Do there exist $n,b\in \mathbb{N}, b<n$ such that $(n-b)(n^2-b)$ divides $n^3$

Question

My friend invented this problem in his spare time and asked me if I could solve it:

Do there exist $n,b\in \mathbb{N}, b<n$ such that $(n-b)(n^2-b)$ divides $n^3$ ?

I tried my best and all I can say is this:

He wrote a program to brute force $n$ and $b$ up to $10^5$ and there were no solutions so I assume there are none.

I also tried various ways to put a lower bound on the $(n-b)(n^2-b)$ in hope it will limit the size of $b$ or $n$, but none seemed to heve worked.

I have a hypothesis that the product here is just an additional , constraint meaning that the following claim also holds: if $(n-b) | n^3$, then $n^2-b$ does not. I also wrote a program to check it for $n$ and $b$ up to $10^5$ and it holds. However, I still didn't manage to prove it.

What seems to have some perspective is to consider the d=GCD(n,b) and write them in terms of it, but nothing I did made any real progress,except some numbers share all prime factors and $n-b$ divides $d^3$

I've seen similar problems get solved by making the statement into an equation(preferably quadratic) and then proving that discriminant cannont be a perfect square by something like quadratic residues, but I have no idea how to use the cubic formula here and it seems rather brute-forcish, not to mention I know nothing about residues of higher degree.

He already posted this question on Quora and got no sensible answer.

Answer 1

Indeed, a very good idea is to consider $d = \text{gcd}(n,b)$. Then $n=d\alpha$ and $b = d\beta$ with $\alpha>\beta\ge1$ and $\text{gcd}(\alpha, \beta)=1$. So $(n-b)(n^2-b) \mid n^3$ becomes: $$d(\alpha-\beta)(d^2\alpha^2-d\beta) \mid d^3\alpha^3$$ which is equivalent to $$(\alpha-\beta)(d\alpha^2-\beta) \mid d\alpha^3$$ In particular, $\alpha -\beta \mid d\alpha^3$. Since $\text{gcd}(\alpha, \beta)=1$ we obtain $\text{gcd}(\alpha-\beta, \alpha^3)=1$. Consequently, we get $\alpha -\beta \mid d$, so $d = (\alpha-\beta)\cdot d'$, for some $d' \ge 1$. Thus, replacing $d$ with $(\alpha-\beta)\cdot d'$ we get $$(\alpha-\beta)\left((\alpha-\beta)d'\alpha^2 - \beta \right) \mid (\alpha-\beta)d'\alpha^3$$ and thus, dividing both sides by $(\alpha-\beta)$ we obatin $$(\alpha-\beta)d'\alpha^2 -\beta \mid d'\alpha^3$$ Again, $\text{gcd}(\alpha, \beta)=1$ implies $\text{gcd}((\alpha-\beta)d'\alpha^2-\beta, \alpha^3)=1$ and hence $$(\alpha-\beta)d'\alpha^2 -\beta \mid d'$$ In particular, $(\alpha-\beta)d'\alpha^2 -\beta \le d'$. This inequality is equivalent to $$d\alpha^2 \le \frac{d}{\alpha-\beta}+\beta$$ But, since $\alpha \ge 2$, we have $d\alpha^2 \ge 2d\alpha=d\alpha+d\alpha> d + d\beta\ge \frac{d}{\alpha-\beta}+\beta$ yielding a contradiction.

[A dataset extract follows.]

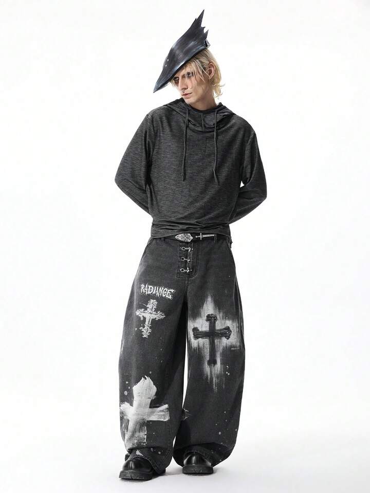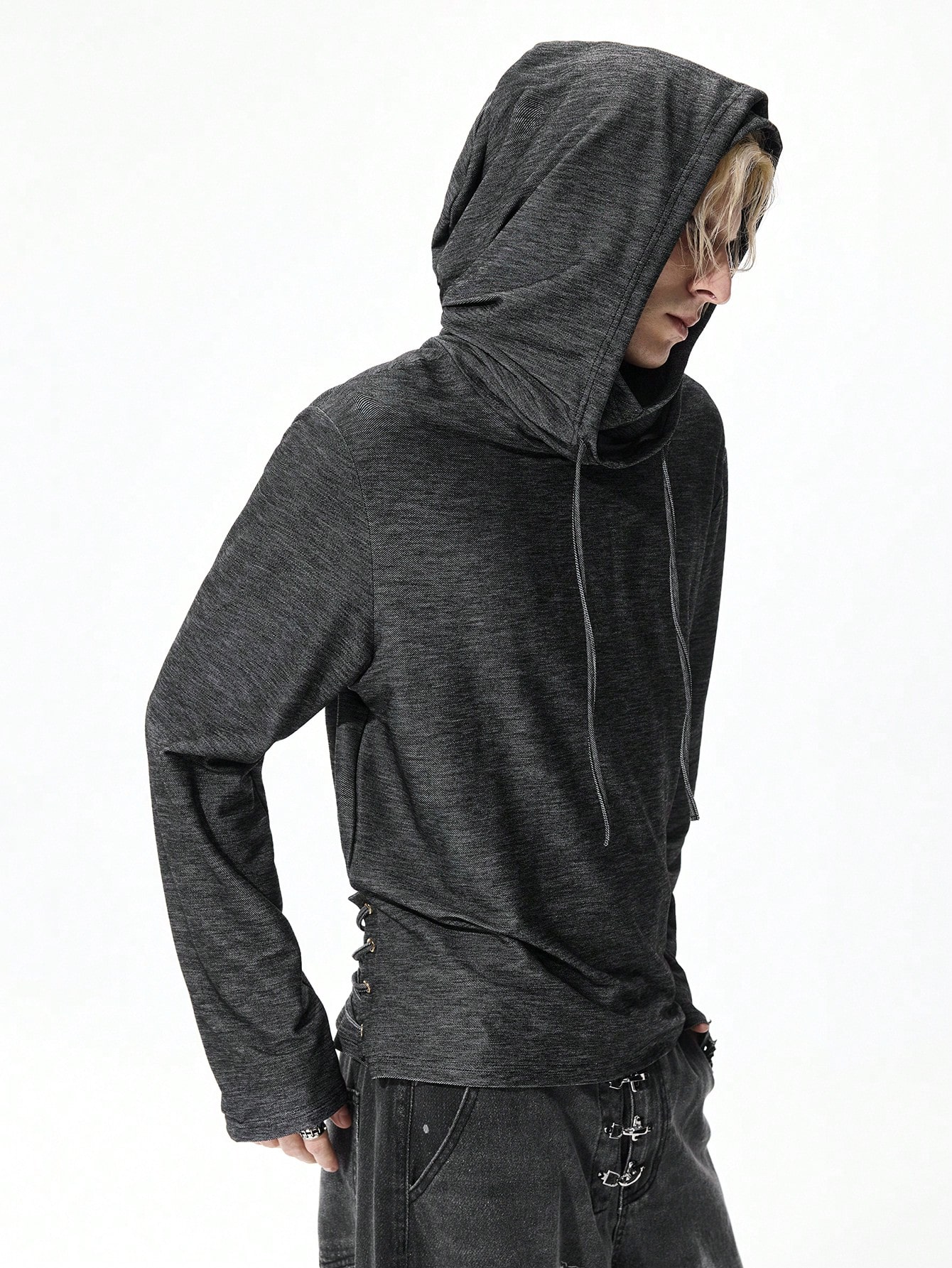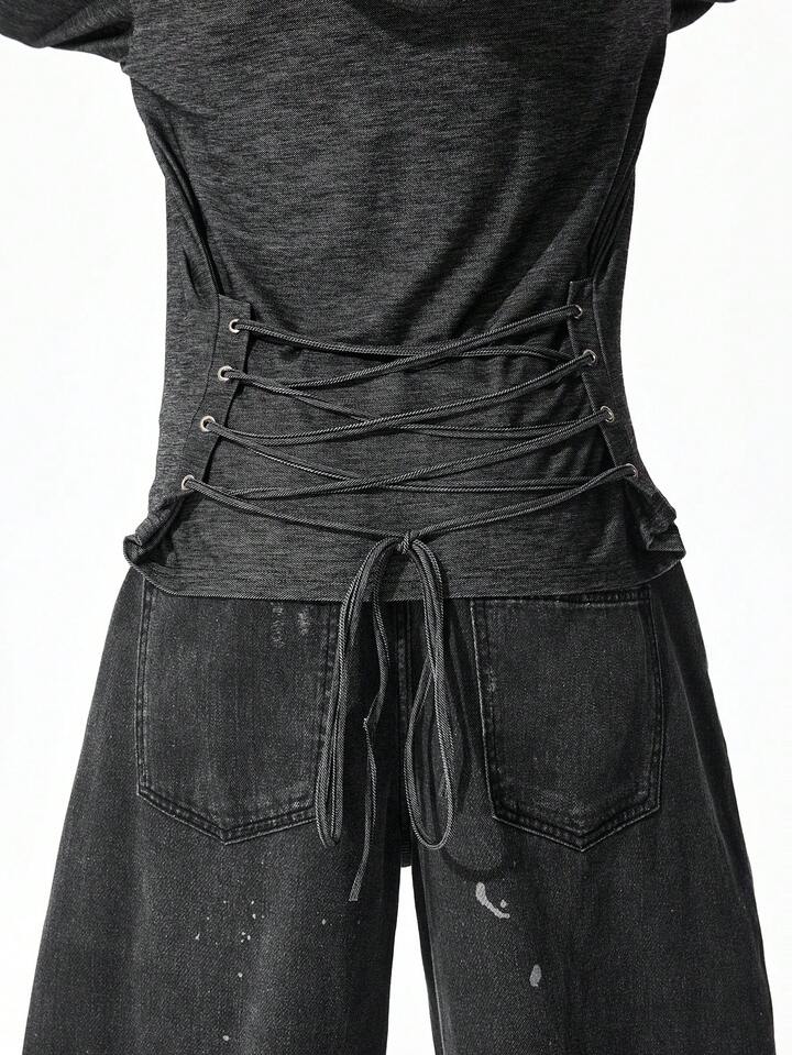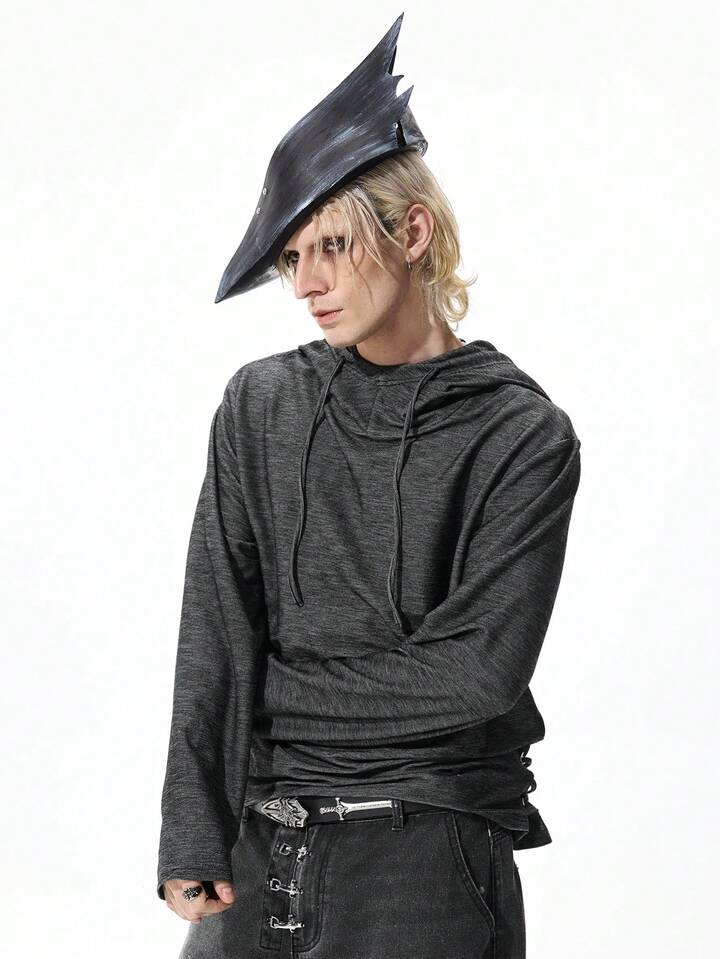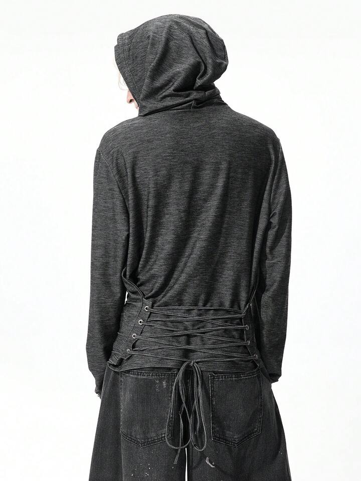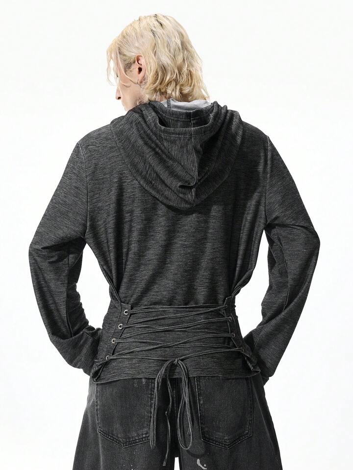 Street Life Tenue de festival de musique punk apocalyptique pour hommes, sweat-shirt à capuche à manches longues slim fit avec design à cordon de serrage et dos nu

Consequently, there are no such $n,b$.

Answer 2

In fact, a stronger claim holds: there are no positive integral $n, b$ with $b < n$ such that $n^2 - b$ divides $n^3$.

Indeed, assume for contradiction that such $n$ and $b$ exist. Note that $n^2 - b$ divides $n^3 - nb$. Hence $n^2 - b$ divides $n^3 - (n^3 - nb) = nb$. However, $0 < nb < n^2 - b$, and this leads us to a contradiction. Indeed, $b < n$, i.e., $b \le n - 1$. Hence $nb \le n(n - 1) = n^2 - n < n^2 - b$ (in the end we again use $b < n$).